Video Gold 

The Found Footage Festival rescues comedy from the VHS trash bin.

Nick Prueher and Joe Pickett

Nick Prueher and Joe Pickett

Remember those McDonald's commercials about bright, energetic young people starting their careers with an entry-level fast-food job? Well, Nick Prueher — co-founder, with childhood friend Joe Pickett, of the Found Footage Festival — can relate. Sort of.

For the past five years, Prueher and Pickett have traveled the country presenting clips culled from a nation's worth of VHS refuse, a reservoir of abandoned video from which the duo have discovered copious amounts of unintentional comedy: home movies, exercise videos, local-TV advertisements, training and instructional videos, long-forgotten cartoons, "celebrity bullshit," and so much else. And the roots of the festival lie partly under the golden arches.

"In 1990 or 1991, I was working at McDonald's and I found a training video that looked stupid enough to watch," Prueher remembers. "It tried to have a story, a plotline. It was one of the most insulting things I could imagine. My first thought was, Joe has to see this video. That was sort of the beginning of the Found Footage Festival."

Inspired by the fun of goofing on the McDonald's training video, Prueher and Pickett began to scour thrift stores and garage sales for more potential comedy. Initially, it was just something to do with friends, but five or six years ago the duo — who have worked for such comedy outlets as The Onion and The Late Show with David Letterman — decided to take their hobby out of their living rooms and put it into movie theaters.

Essentially, Prueher and Pickett, both 34, do for their generation's video oddities what cult TV series Mystery Science Theater did for an earlier generation's cheap genre cinema: celebrate through loving mockery.

Since taking the Found Footage Festival on the road, Prueher and Pickett have developed a self-renewing process, hunting for videos at each tour stop and then taking a break between tours to mine their new acquisitions for material for the next Found Footage program.

"We'll be in Memphis the day before, and we'll go to thrift stores all day, collecting VHS tapes that look like they might have something worthwhile on them, and by worthwhile we mean bad in the right way," Prueher says.

Prueher and Pickett are also happy to take tapes from fans at their tour stops, but in an age of YouTube, they do not get any material from the web.
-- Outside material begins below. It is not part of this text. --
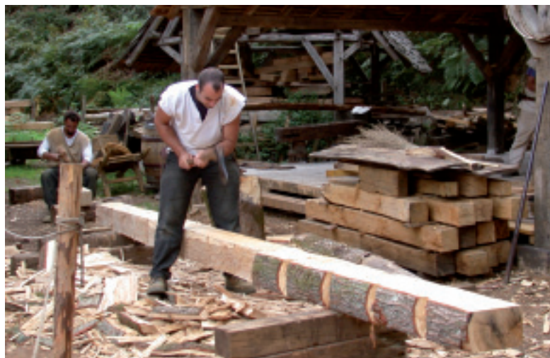
Fig. 3. Tranche d'une poutre du XIII e siècle de la charpente de la cathédrale de Bourges. Elle montre un jeune chêne à croissance rapide qui conserve de l'aubier en périphérie.

On estime que la construction de la charpente gothique de Notre-Dame a nécessité l'abattage de près de 1000 chênes. Environ 97 % d'entre eux provenaient de fûts de 25-30 cm de diamètre et de 12 m de long maximum (fig. 5). Le reste, soit 3 %

"Taking things from the Internet feels like cheating," Prueher says. "The reason we love the videos is that they all have a personal connection. It's stuff we've found or stuff friends have found. Without context, the videos don't really mean anything."

The program the pair will present at their first Memphis stop is likely to include such examples as exercise videos from Milton Berle and Dolph Lundgren, Saturday morning cartoon clips starring Chuck Norris and MC Hammer, a cat-care instructional video from Golden Girl Rue McClanahan, comically inept regional television commercials, and some cringe-worthy sex-toy how-to videos.

Asked about Found Footage staples, Prueher says, "We always put together an exercise-video montage, because far and away, that's the most common video we find at thrift stores. Anything that involves celebrities rapping. That's always solid gold for us. And training videos."

Prueher says the duo will add some Memphis-specific content for its local appearance in the form of a promotional video for '80s-era wrestling tag team the Fabulous Ones. "It has to be one of the most unintentionally homoerotic videos you'll ever see," Prueher says.

Though the duo sometimes takes material from discarded DVDs, they stick mostly to VHS, which establishes a roughly late-'70s-to-mid-'90s time frame for most content.

"It was a time when you had people with a lot of ambition and access to video equipment who just weren't that talented," Prueher says. "Anybody with a bad idea could commit it to videotape. Luckily for us, those tapes are still circulating somewhere."